Task requirements:
What must be written out is each line from the one holding "Нанесіть подмалевок діаметром" through the end of the records, word for word, minus any pictures.

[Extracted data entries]
[Start of section]
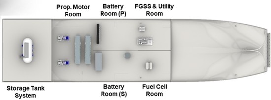 | ▲ 기존 연안선박 개조(Retrofit)를 통한 수소연료전지 시스템 배치 예시 [제공/선박해양플랜트연구소] |
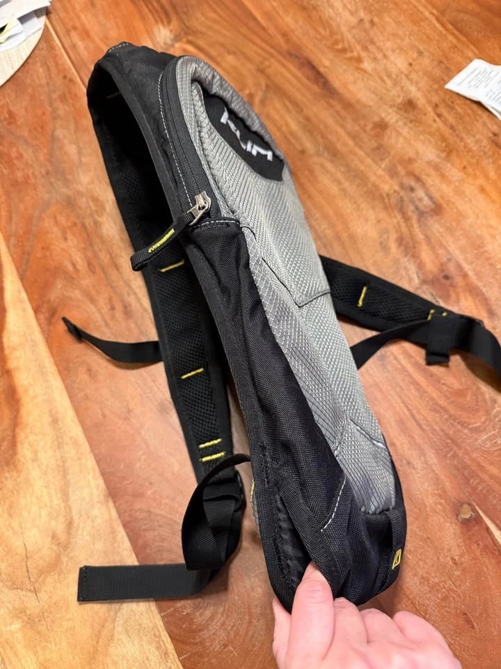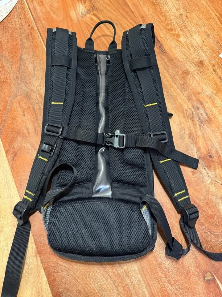 Low profile hydration pack (does not come with the reservoir, easily replaceable with any similar reservoir). Has reflective material for visibility, sternum strap for comfort, internal pocket for keys and wallet, and very comfortable shoulder straps. Features a clear window to visually check the volume without removing the reservoir. Pick up near New West station or downtown Vancouver by arrangement.
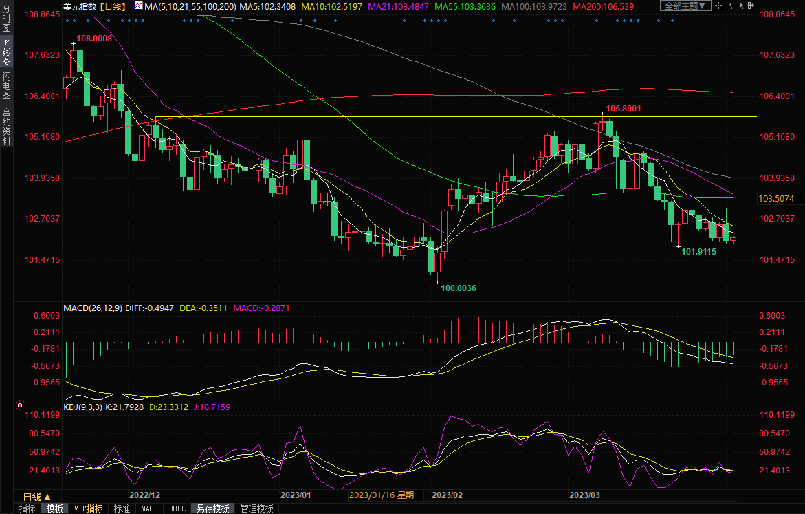 美元指数周一下跌0.48%,最大触及101.96,3月23日触及的近两个月低点支撑在101.91附近。目前来看,
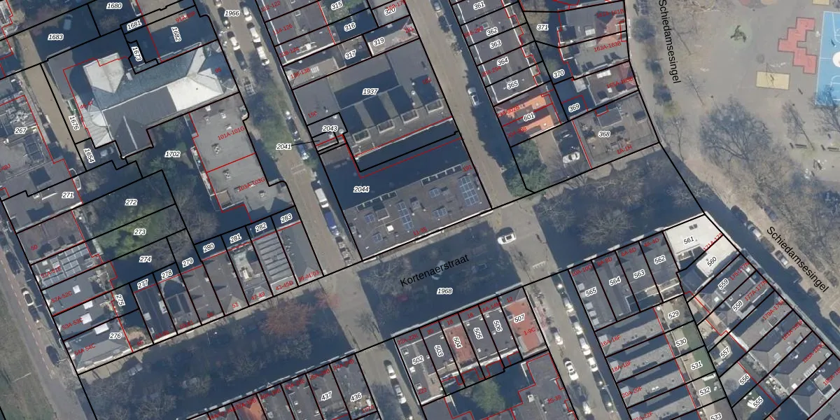 Kortenaerstraat 17 is gelegen op kadastraal perceel RTD04AG2044. Deze kadastrale aanduiding is uniek en wordt gebruikt door het Kadaster om eigendomsrechten en andere zakelijke rechten vast te leggen. Het perceel maakt onderdeel uit van de kadastrale gemeente Rotterdam.
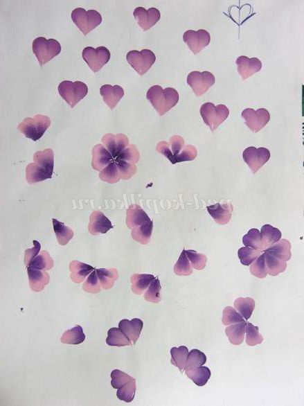 Нанесіть подмалевок діаметром 2 див По зовнішньому краю пропишіть пелюстки, вони повинні мати приблизно однаковий розмір. Квітка завершіть прописом серцевини, зробивши в ній одну ягідку. Різні варіанти написання серцевини квітки показано на малюнку нижче.
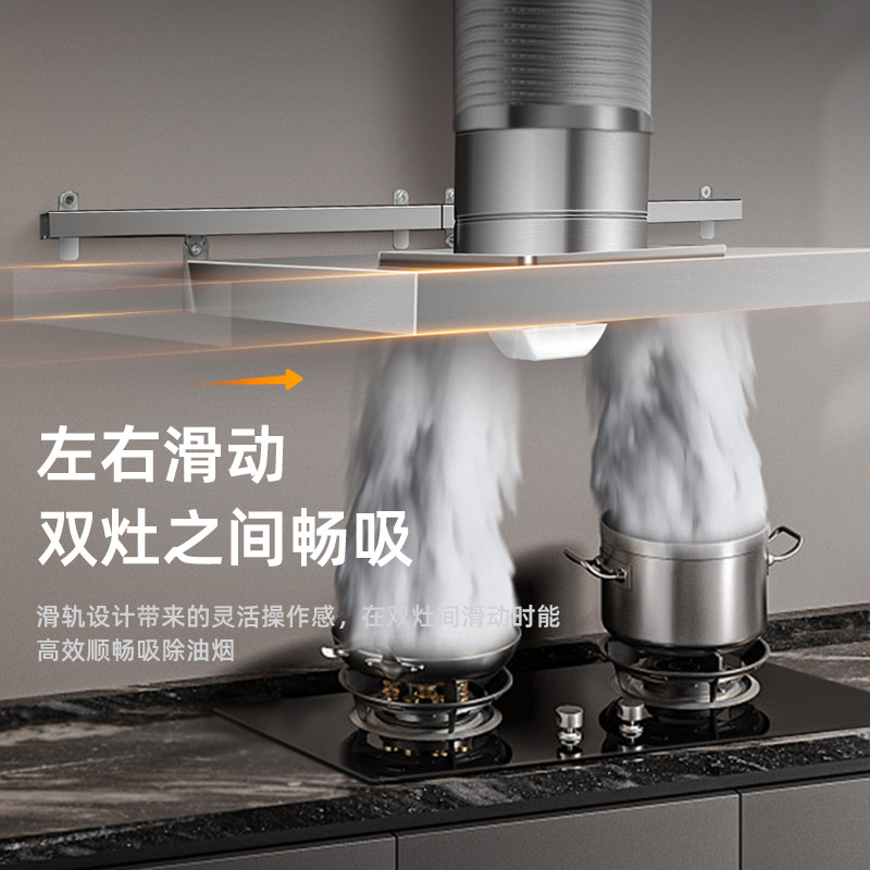简易油烟机强力换气扇大吸力排气扇厨房式滑动抽油烟机轨道不锈钢
[End of section]
Response to the task:
 Нанесіть подмалевок діаметром 2 див По зовнішньому краю пропишіть пелюстки, вони повинні мати приблизно однаковий розмір. Квітка завершіть прописом серцевини, зробивши в ній одну ягідку. Різні варіанти написання серцевини квітки показано на малюнку нижче.
简易油烟机强力换气扇大吸力排气扇厨房式滑动抽油烟机轨道不锈钢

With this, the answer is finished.